São as marchas populares antes de se ligarem as câmaras e os holofotes. "Esta é a parte do convívio", diz Manuel Domingos, aguadeiro da marcha do Bairro Alto. E o que faz exatamente um "aguadeiro"? "Faz tudo menos dar águas", responde de volta. "Faz todo o apoio logístico. Deve ser das pessoas mais importantes das marchas", diz quem foi marchante "uns quarenta e poucos anos". "Agora já não tenho capacidade de estar ali a fazer passos de ballet", remata Manuel Domingos. Mas, voltando ao convívio em torno das marchas: "Aqui é que se mostram as rivalidades, mas sadias. Fazem-se amizades para a vida. E grandes casamentos." Pausa. "E estragos em casamentos também."

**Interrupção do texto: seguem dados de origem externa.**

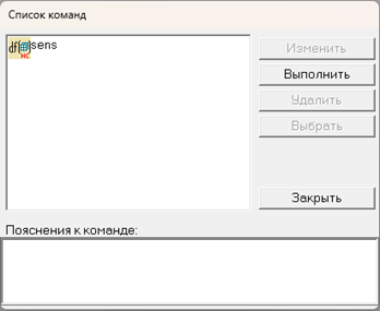 Также для выполнения команды можно выбрать в меню Анализ пункт Анализ чувствительности (гиперкуб) /Список команд. В полученном списке команд необходимо выбрать требуемую команду и нажать кнопку Выполнить (рис. 18).

Junto ao Marquês de Pombal, as primeiras marchas a desfilar já vão alinhando na rua, mais acima ainda é hora da fotografia. Os vencedores do ano passado identificam-se pelas T-shirts - "Grande é a marcha que Lisboa ilumina, Alto Pina 16". Sentada no passeio, já vestida a rigor, Filipa Valente diz que o título não pesa: "É tranquilo."
Horas antes, Filipa Grouva também aguardava sentada no passeio, mas ainda em Alfama, antes da saída para a Avenida. É o terceiro ano que veste as cores deste bairro. Antes ainda desfilou pela Penha de França e foi precisamente nas marchas que conheceu o marido, também ele marchante. Mas em 2014 a Penha de França não desfilou e Filipa e o marido resolveram escolher os bairros "do coração". Resultado: ela marcha por Alfama, ele pelo Alto do Pina, as duas marchas que têm disputado a vitória nos últimos anos. Por agora, o casal tem como saldo um empate - uma vitória para cada lado. Na madrugada de hoje se saberá se alguém passa à frente.

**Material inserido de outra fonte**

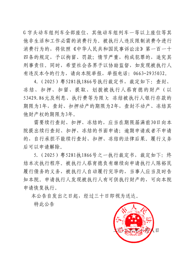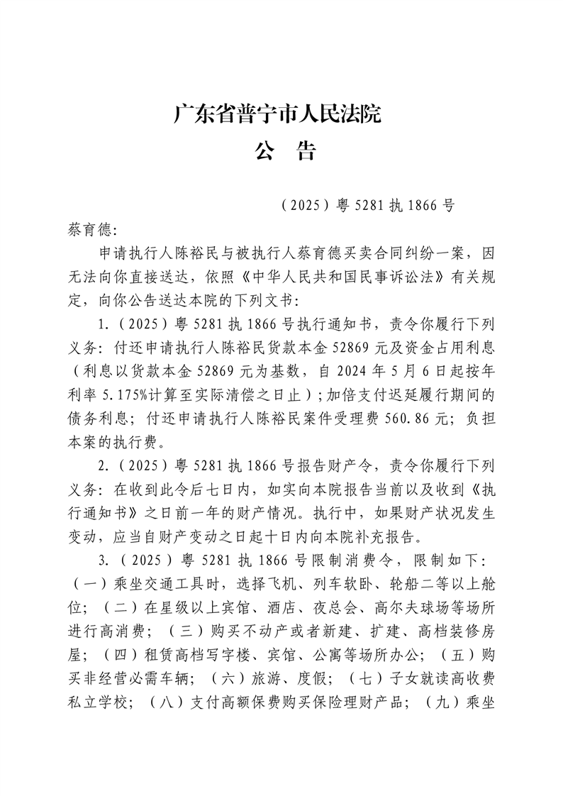 普宁法院送达公告-蔡育德

Já há drones no Santo António
O relógio marcava nove da noite quando a marcha infantil A Voz do Operário, convidada pela EGEAC e extracompetição, abriu o desfile. Depois, as 20 marchas a concurso foram aparecendo junto à rotunda do Marquês de Pombal. Apesar do vento e frio que começava a sentir--se, ninguém arredou pé. E por falar em pés a marcha da Madragoa desceu até aos Restauradores... descalça. Por ali, ninguém deixou nada ao acaso. Antes do arranque, havia um drone a sobrevoar o grupo - dos mais animados e barulhentos. Já o Alto do Pina, a defender o título, impressionava pela dimensão e organização. A Penha de França apostou em réplicas dos clássicos cacilheiros para embelezar o desfile, ao passo que São Vicente deu ao zé-povinho um lugar de destaque, aproveitando o facto de se comemorar o 170.º aniversário do nascimento de Rafael Bordalo Pinheiro. Intervalados por dez minutos, os grupos iam saindo e nas bermas repetiam-se os gritos de incentivo a cada bairro.

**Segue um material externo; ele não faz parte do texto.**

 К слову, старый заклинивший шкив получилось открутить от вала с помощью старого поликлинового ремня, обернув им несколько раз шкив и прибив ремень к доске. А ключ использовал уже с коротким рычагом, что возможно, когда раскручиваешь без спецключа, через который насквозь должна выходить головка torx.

Isabel Ferreira e Clóvis Rodrigues vão descendo a Avenida. Os nomes parecem portugueses e no caso de Clóvis são mesmo ("os meus avós eram de Trás-os-Montes, ainda se chama assim?"), mas são brasileiros a visitar Portugal pela primeira vez. Não sabiam dos Santos Populares e descobriram de uma forma sui generis : chegados a Alfama, onde alugaram um apartamento, perceberam que alguma coisa se devia passar quando viram uma multidão na rua, contam, a rir. Outra surpresa foi não conseguirem chegar de carro a casa. "Tivemos de subir o morro." Vindos de Maringá, no Paraná, dizem estar "encantados" com Lisboa e planeiam voltar no próximo ano.
Sardinha a um euro e meio
Colin McLennan, escocês de Glasgow, e Katie Furlas, de Londres, acabaram de chegar. Andam à procura de um sítio onde se sentar, em Alfama. Não fazem ideia do que seja o Santo António, mas já tinham ouvido falar num "grande festival" em Lisboa neste fim de semana. Ao final da tarde, o "festival" já é grande: o bairro já entrou em força na noite de Santos. A sardinha vende-se a um euro e meio. Junto ao Beco do Pocinho, numa banca que explora com a filha e o neto, dona Carmelinda, do alto dos seus 82 anos, tem resposta pronta para a pergunta "há mais estrangeiros neste ano?": "Há, então não há... E moram cá."